Please reproduce the data exactly, though every picture must stay out.
====== INFORMATION SHOWN ======
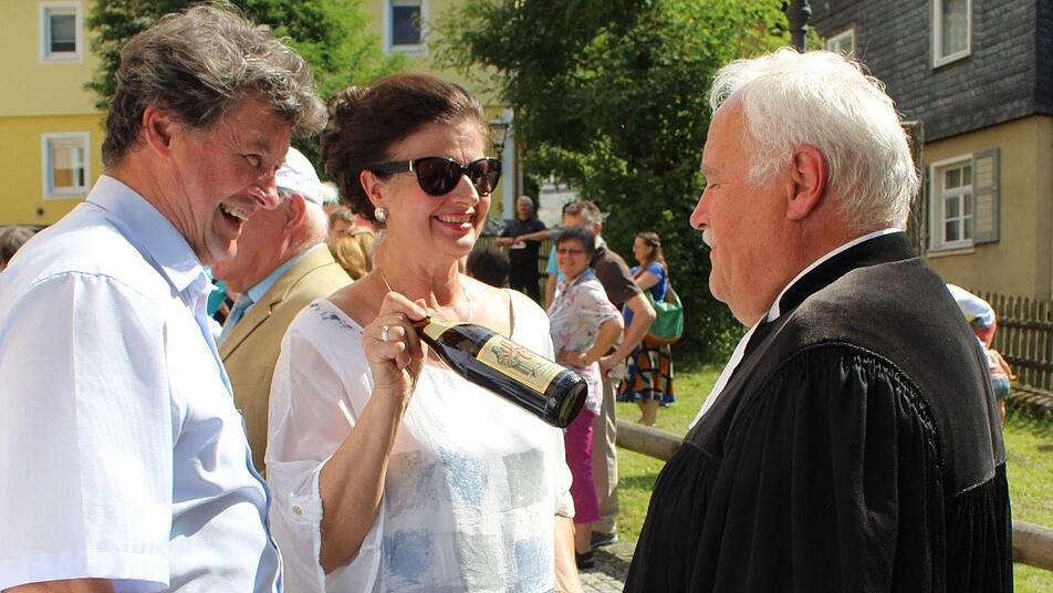 Nur fünf Jahre später sieht es nun ganz anders aus: Mit seiner Zeit als Pfarrer in Ludwigsstadt prägte er eine ganze Epoche, hatte Bischoff doch hier an seiner letzten Pfarrstelle "aus der Fülle seines Wissens und seiner Fähigkeiten schöpfen können", so Dekanin Richter über ihren Stellvertreter. "Ich bin sehr froh, dass die Regionalbischöfin Dorothea Greiner Pfarrer Bischoff damals davon überzeugen konnte, nach Ludwigsstadt zu kommen." Und wie wohl ganz Ludwigsstadt bedauerte sie, dass er - wegen seiner Enkel - seinen Ruhestand nicht noch um zwei Jahre hinauszögern wollte, um in Ludwigsstadt verlängern. Zugleich weitete sie ihr Bedauern auch auf Ehefrau Elisabeth Bischoff aus, die sich der Aufgabe als Pfarrfrau bewusst gestellt habe.
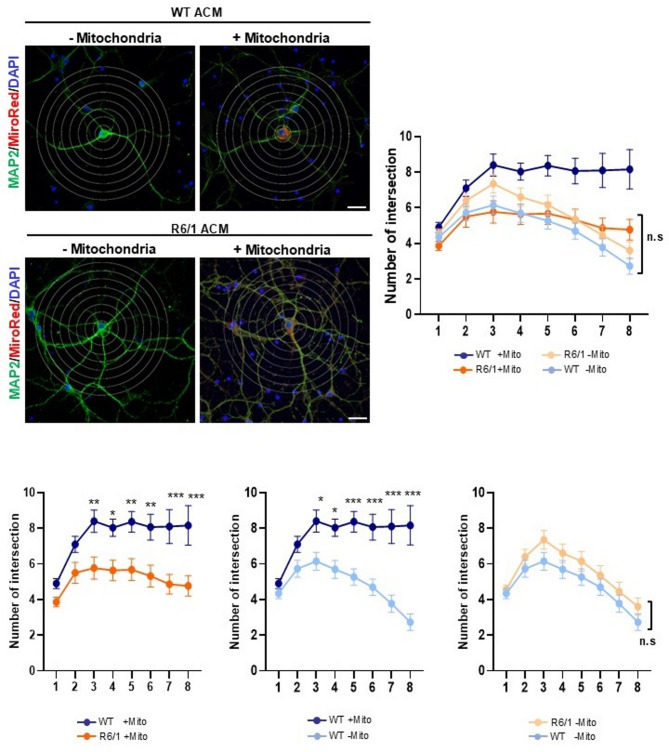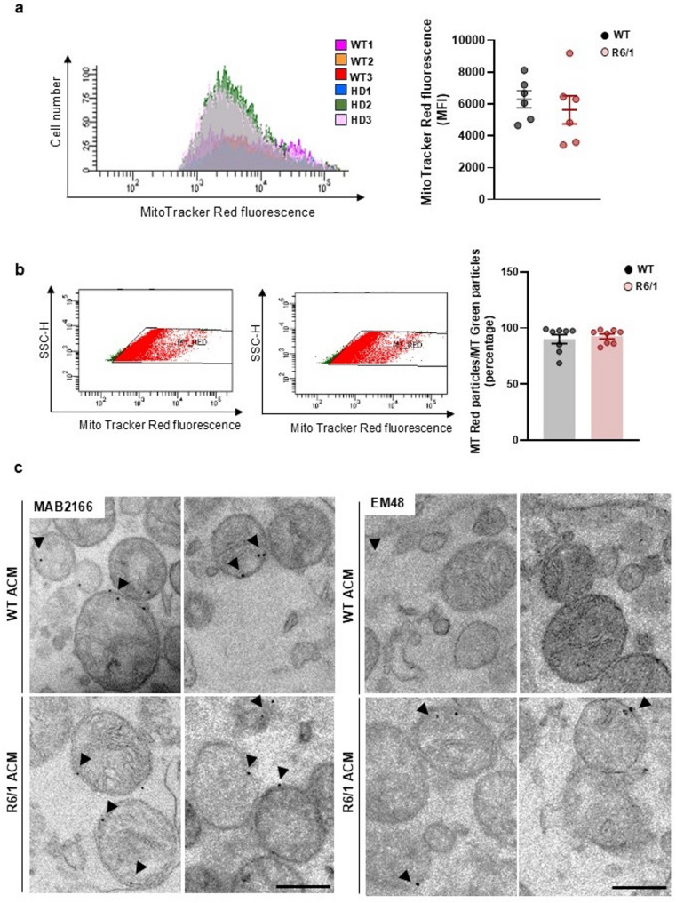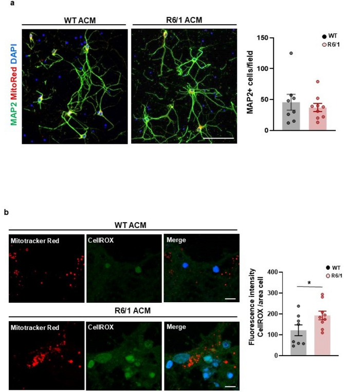 Methods: Primary striatal astrocytes were obtained from wild-type and R6/1 mice to investigate mitochondrial dynamics. Expression levels of key mitochondrial fusion and fission proteins were quantified by Western blotting and RT-PCR. Mitochondria morphology, oxidative stress and membrane potential were assessed using confocal microscopy following staining with mitochondria-specific dyes. Mitochondrial respiration was measured using the Oxygraph-2k respirometer system (Oroboros Instruments). Transmitophagy was evaluated by confocal imaging after labeling astrocytic mitochondria with Mitotracker dyes. To assess the functional impact of mitochondrial transfer on neurons, Sholl analysis, neuronal death and oxidative stress levels were quantified using specific fluorogenic probes.
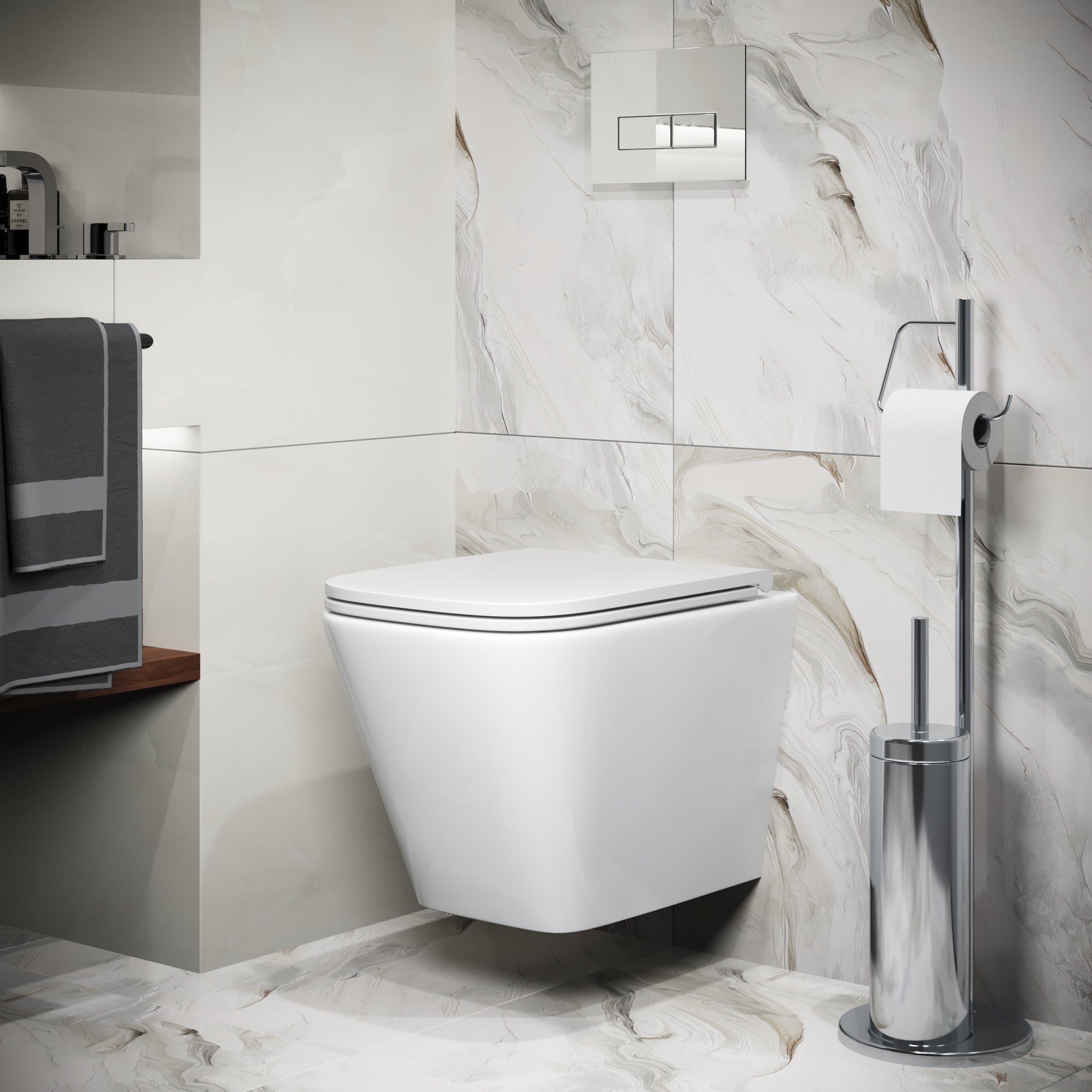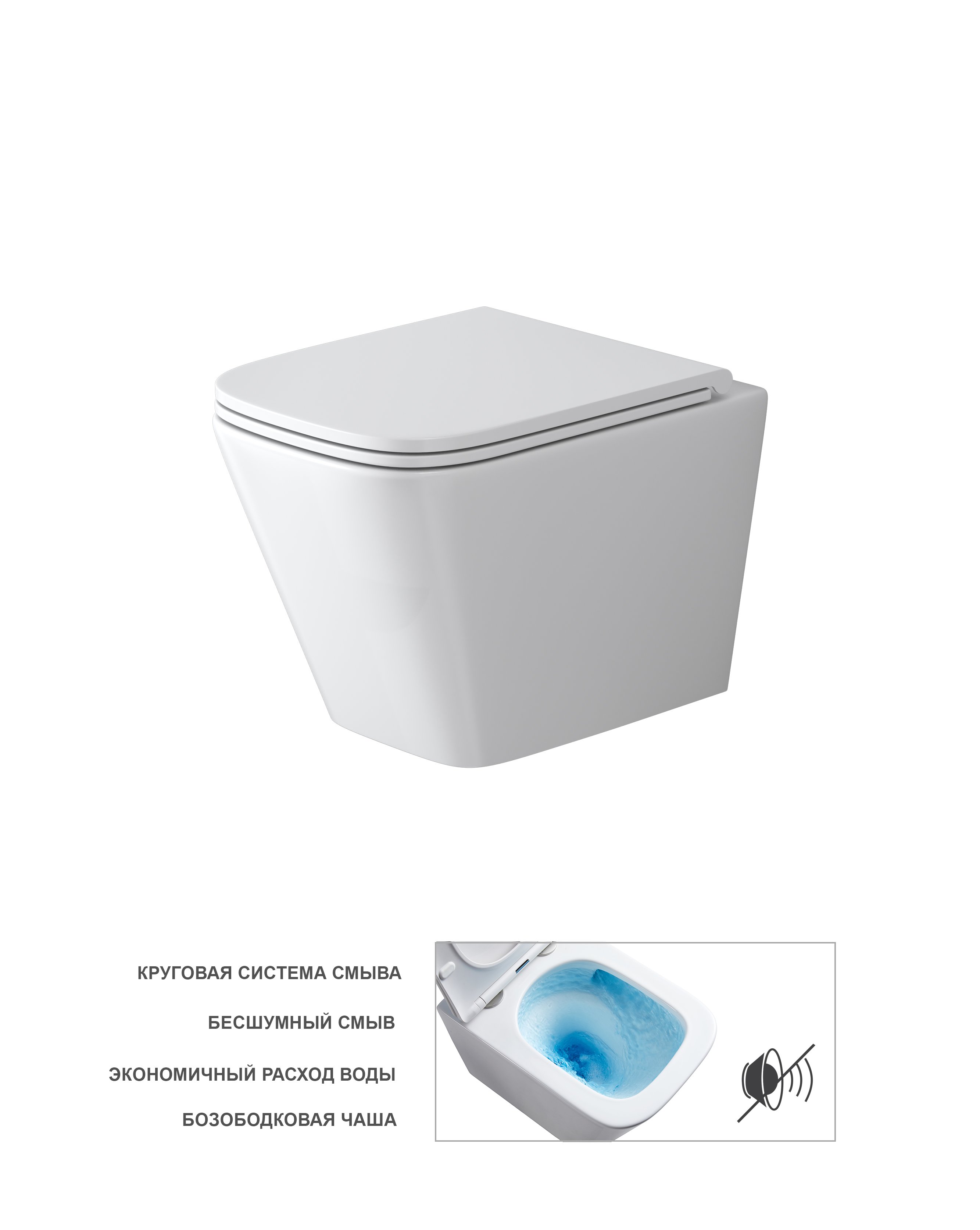 Купить Унитаз GR-4479SQ (490*345*355) подвесной БЕЗОБОДКОВЫЙ с тонкой крышкой, GROSSMAN артикул: 214430 в интернет-магазине ESMAG - Екатеринбург.
======
RESPONSE FOR THIS EXERCISE:
 Nur fünf Jahre später sieht es nun ganz anders aus: Mit seiner Zeit als Pfarrer in Ludwigsstadt prägte er eine ganze Epoche, hatte Bischoff doch hier an seiner letzten Pfarrstelle "aus der Fülle seines Wissens und seiner Fähigkeiten schöpfen können", so Dekanin Richter über ihren Stellvertreter. "Ich bin sehr froh, dass die Regionalbischöfin Dorothea Greiner Pfarrer Bischoff damals davon überzeugen konnte, nach Ludwigsstadt zu kommen." Und wie wohl ganz Ludwigsstadt bedauerte sie, dass er - wegen seiner Enkel - seinen Ruhestand nicht noch um zwei Jahre hinauszögern wollte, um in Ludwigsstadt verlängern. Zugleich weitete sie ihr Bedauern auch auf Ehefrau Elisabeth Bischoff aus, die sich der Aufgabe als Pfarrfrau bewusst gestellt habe.
 Methods: Primary striatal astrocytes were obtained from wild-type and R6/1 mice to investigate mitochondrial dynamics. Expression levels of key mitochondrial fusion and fission proteins were quantified by Western blotting and RT-PCR. Mitochondria morphology, oxidative stress and membrane potential were assessed using confocal microscopy following staining with mitochondria-specific dyes. Mitochondrial respiration was measured using the Oxygraph-2k respirometer system (Oroboros Instruments). Transmitophagy was evaluated by confocal imaging after labeling astrocytic mitochondria with Mitotracker dyes. To assess the functional impact of mitochondrial transfer on neurons, Sholl analysis, neuronal death and oxidative stress levels were quantified using specific fluorogenic probes.
 Купить Унитаз GR-4479SQ (490*345*355) подвесной БЕЗОБОДКОВЫЙ с тонкой крышкой, GROSSMAN артикул: 214430 в интернет-магазине ESMAG - Екатеринбург.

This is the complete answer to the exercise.